Les résultats bactériologiques permettront d’adapter l’antibiothérapie, initialement à large spectre par voie parentérale au besoin, en l’absence d’allergie association amoxicilline-acide clavulanique. Les autres schémas possibles sont céphalosporine de 3ème génération + métronidazole, ou clindamycine. Le relai oral peut se faire avec la pristinamycine. Le total de l’antibiothérapie se situe aux alentours de 10 jours.
Une désinfection locale par bains de bouche est systématique.

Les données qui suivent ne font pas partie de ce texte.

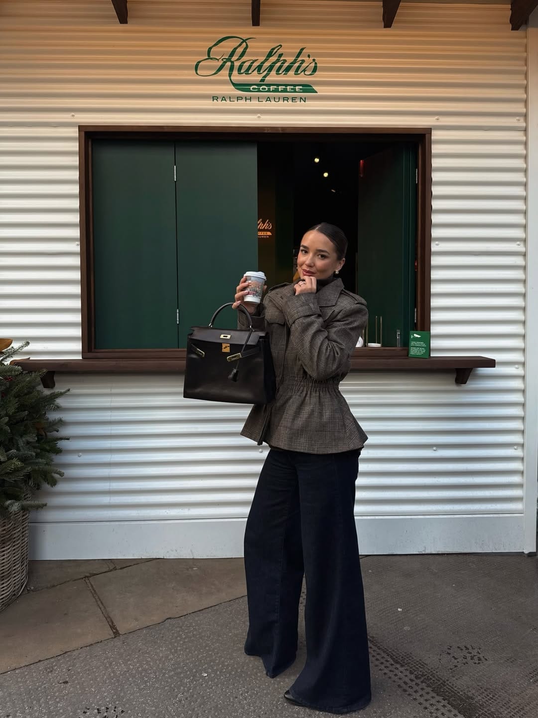 She’s going classic coffee‑run chic in a structured check jacket with a cinched waist, styled over dark wide‑leg trousers. A top‑handle black bag and simple heeled boots pull everything together into a polished yet easy everyday look.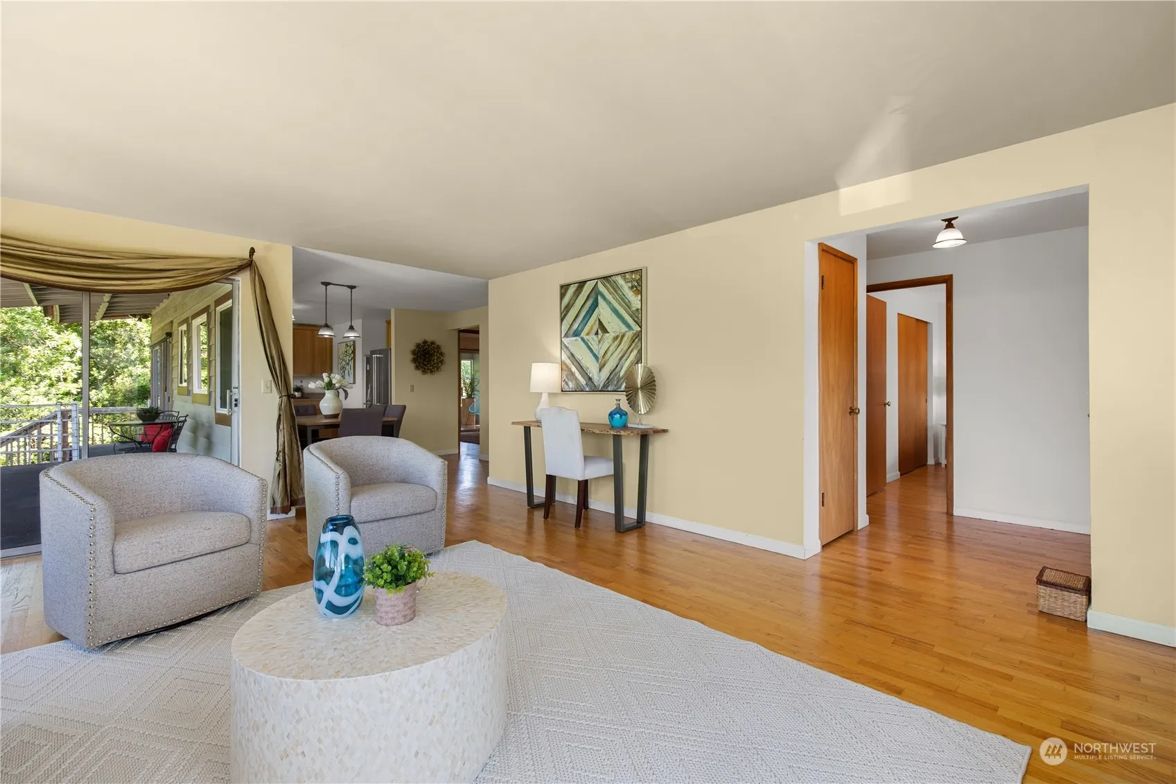 Experience the charm of East Seattle in this 2251 sq ft home on an 11,590 sq ft lot. The updated kitchen with stainless steel appliances, limestone countertops, and ample cabinetry opens to a spacious family room with a cozy fireplace. Three well-sized bedrooms and 2.5 baths ensure comfort and privacy. The primary bedroom features a wall of closets, hardwood floors, and an enclosed sunroom for relaxing. Enjoy seamless indoor-outdoor living with a large deck and flexible daylight basement. Extra storage with a three-car garage, RV/boat parking, and garden spaces. Close to Lid Park, “the Center”, and local amenities. West-facing views bring in natural light and stunning sunsets. Don’t miss this peaceful escape with city advantages.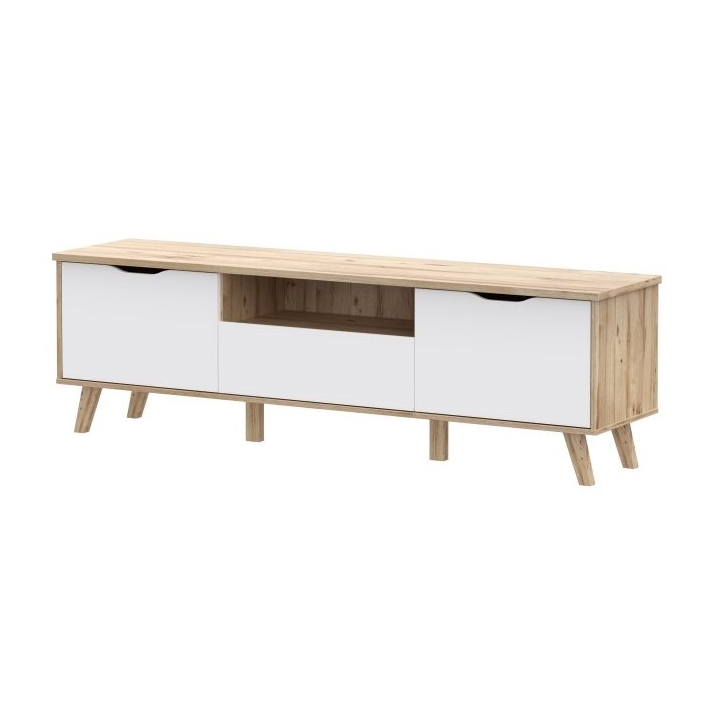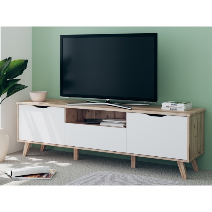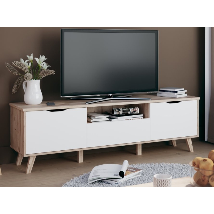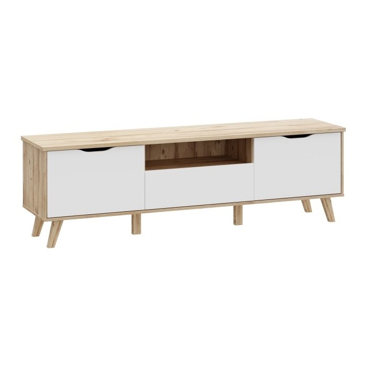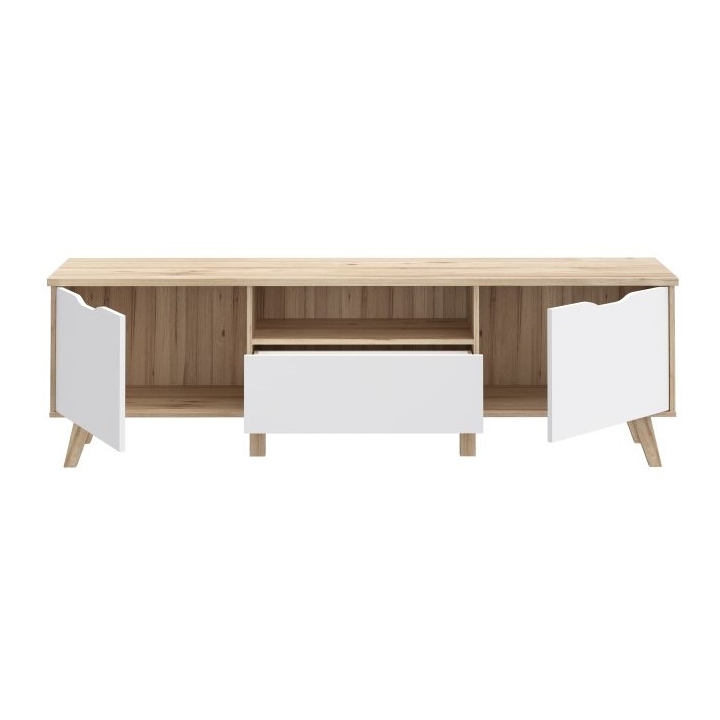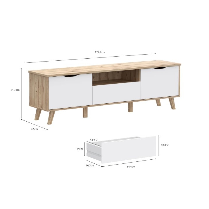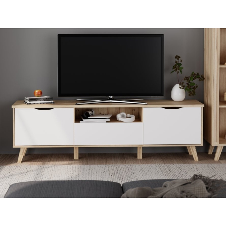 The RTV cabinet with cabinets and drawer will work well in a modern living room. The oak plank décor and white fronts emphasise the simple form of the furniture. High legs in the colour of wood add lightness to the structure. The cabinet requires assembly.

L’emploi d’un traitement adjuvant anti-inflammatoire est intellectuellement délicate, puisque dans certaines circonstances l’emploi d’un anti-inflammatoire (AINS ou corticoïde) a sans doute précipité les choses vers un phlegmon. Néanmoins, il semblerait que les angines de la mononucléose infectieuse, souvent traitées par corticoïdes ne se compliquent pas de phlegmon. Leur utilisation peut se concevoir en post-opératoire, au moins 24 à 48h après évacuation du pus, en cure courte, notamment pour son efficacité antalgique et sur le trismus. J’ai lu des choses contradictoires, conseillant des AINS ou un corticoïde en dose unique (dexamethasone).
L’amygdalectomie à distance de l’épisode aigu, 6 à 8 semaines, était la règle mais elle n’est plus systématique. Elle reste indiquée lors d’angines à répétition ou en cas de récidive d’un phlegmon. Sa réalisation à chaud ne parait pas plus risquée, en particulier au niveau du risque hémorragique, qu’après ce délai.
Le traitement de l’affection causale est important pour éviter les récidives ou d’autres complications comme des cellulites infectieuses, notamment concernant les foyers dentaires. La recherche d’une immunodépression est associée quand il n’y a pas d’explication claire sur le mécanisme initial.
Cellulite du cou avec thrombose de la veine jugulaire externe gauche et obstruction de la filière aérienne au niveau amygdalien
C’est une complication rare mais gravissime des infections amygdaliennes. La description classique associe une pharyngite, une thrombose septique de la veine jugulaire interne et une infection pulmonaire. Il se voit chez l’adulte jeune immunodéprimé ou ayant reçu un traitement anti-inflammatoire préalable. C’est une infection à Fusobacterium necrophorum, commensal de la bouche, à l’origine d’abcès avec formation de gaz, associé rarement à d’autres germes comme Eikenella corrodens.
Cliniquement, en plus du syndrome infectieux et des signes pharyngo-amygdaliens, on observe un trismus et un empâtement cervical. Une antibiothérapie préalable diminue les signes cliniques francs et peut faire retarder le diagnostic. La thrombose peut toucher différentes veines cervicales, la veine faciale et également la jugulaire externe.
Le diagnostic sera confirmé par écho Doppler cervical (mais qui peut être pris en défaut) et surtout TDM cervico-thoracique injecté.
Les risques sont la dissémination d’emboles septiques au niveau pulmonaire, cérébral, osseux et viscéral, le développement d’une fasciite nécrosante et des complications septiques majeures comme une CIVD.